Although a return to a simpler form of harmony and to older musical forms may be seen as a kind of neo-classicism, it is a very different sort to that used by Igor Stravinsky. Unlike his music, Kupkovič's has no sense of irony and in many cases could be confused for a piece from the classical music era. The composer Gavin Bryars has said of these works that "there is a sense of peering into the past through a distorting lens that manages to reveal a clear picture, but a picture that never existed until the lens was put in place".

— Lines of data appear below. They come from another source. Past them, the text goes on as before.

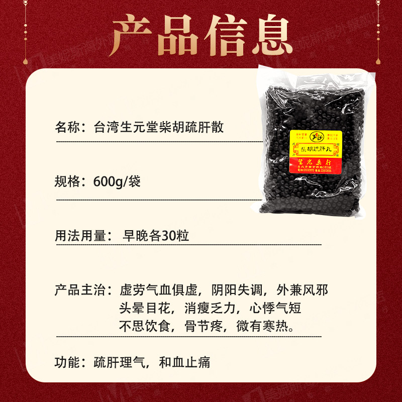 📚 台湾生元药行柴胡疏肝丸疏肝解郁消胀止痛理气健脾柴胡舒肝散丸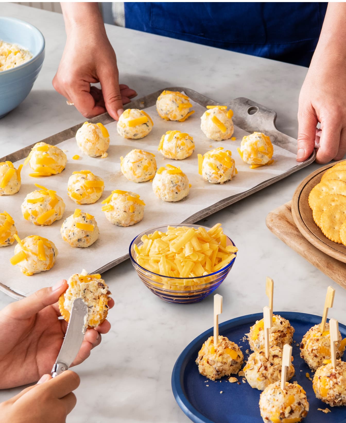 These mini cheese balls are the perfect holiday appetizer! Made with Tillamook Sharp Cheddar, pears, and rosemary, they are sure to be a hit at your next gathering.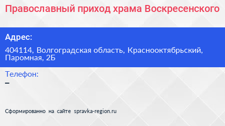 Православный приход храма Воскресенского по адресу 404114, Волгоградская область, Краснооктябрьский, Паромная, 2Б в дальнейшем Организация, размещена в следующих категориях: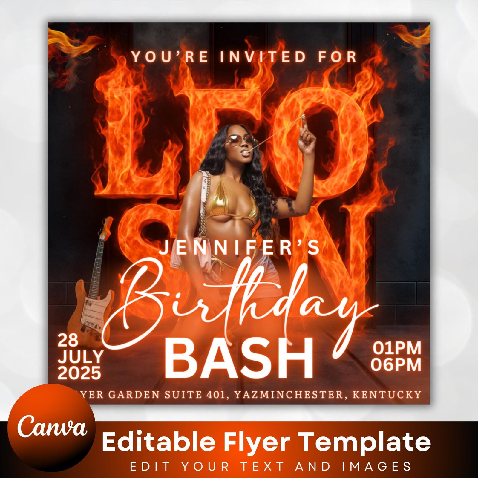 Celebrate like a true Leo with this elegant Leo Birthday Flyer Template! Perfect for promoting birthday parties, events, or club nights. Fully editable in Canva, this digital flyer features zodiac-ins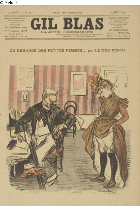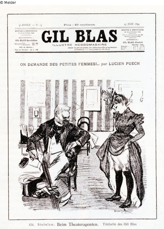 "Besitzt er eines der Café-Concerts auf dem Montmartre ? Jedenfalls nutzt der Mann mit seinem bunten Halstuch, Zylinder, Spazierstock und Glacehandschuhen seine Position, um ein junges Mädchen auf ihre erotischen Reize zu begutachten. Eine „#MeToo Debatte“ vor mehr als hundert Jahren, interessant wie früh Steinlen die Themen Alltagssexismus, Übergriffe, Machtmissbrauch aufgriff. Man verlangt „Junges Fleisch“ sagt der lüsterne Theateragent und lässt Sie den Rock anheben." (UW)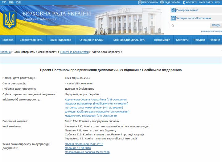 Комитет Верховной Рады по иностранным делам инициирует прекратить дипломатические отношения с Российской Федерацией. Проект постановления опубликован на сайте Верховной Рады.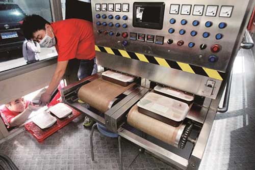 圖為隨著轟隆隆的發電機轟鳴,裝載在大巴車上的盒飯微波加熱機開始運轉。沒過一會兒,剛才還冷凍的盒飯,一轉眼就冒著熱氣出現在傳送帶上。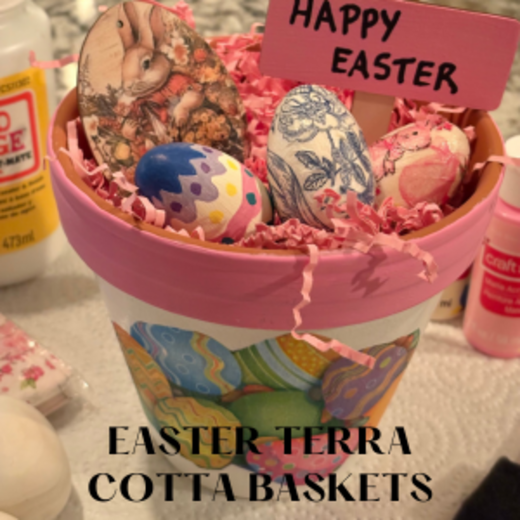 Gather for a playful, hands-on workshop where we turn simple supplies into charming terracotta pots into Easter “baskets” perfect for centerpieces or one-of-a-kind home décor. You’ll paint and decoupage terracotta pots, then paint and/or decoupage three wooden eggs to nestle inside. Finish your creation with sweet ribbons and embellishments to give it that extra personality. No experience required; we’ll guide you through every step, and supply all materials. Leave with a delightful seasonal accent.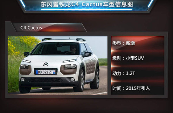 雪铁龙C4 Cactus是一款小型城市SUV,外观和内饰最大程度上沿用了概念车的设计。外观方面最大的亮点就是保留了概念车上Airbumps的技术,简而言之,该技术是在车门上使用一种软性材质覆部分车头和车门,有防腐耐用,并可抵御庆维刮擦的功能。内饰部分C4 Cactus也保留了大部分概念车上的设计,例如传统的机械指针表盘被简洁的数组仪表盘所取代,而中控台部分的7寸触摸屏可控制空调、多媒体系统以及导航等功能。

==Recordings of his works==
Many of Kupkovič's pieces have been recorded. His short piece for violin and piano from 1968, Souvenir, has been recorded several times, most recently by Gidon Kremer. Some recent works are published by Tre Media Musikverlage in Karlsruhe. The Slovak label Diskant has recorded several works by Kupkovič for string quartet: Initials for String Quartet, String Quartet in B major No. 7, and Quintet for Accordion and String Quartet (Moyzes Quartet, Boris Lenko accordion: DK 0112-2131), for violin and piano: Sonatina in D major No. 3, Theme and 13 Variations, Sonata in F minor No. 5, Armenian Songs from Garin, March in F major, Double March in G major, Compliment, Talisman, Souvenir (Czechoslovak Chamber Duo - Pavel Burdych, violin and Zuzana Berešová, piano: DK0167-2131), as well as a number of pieces for cello.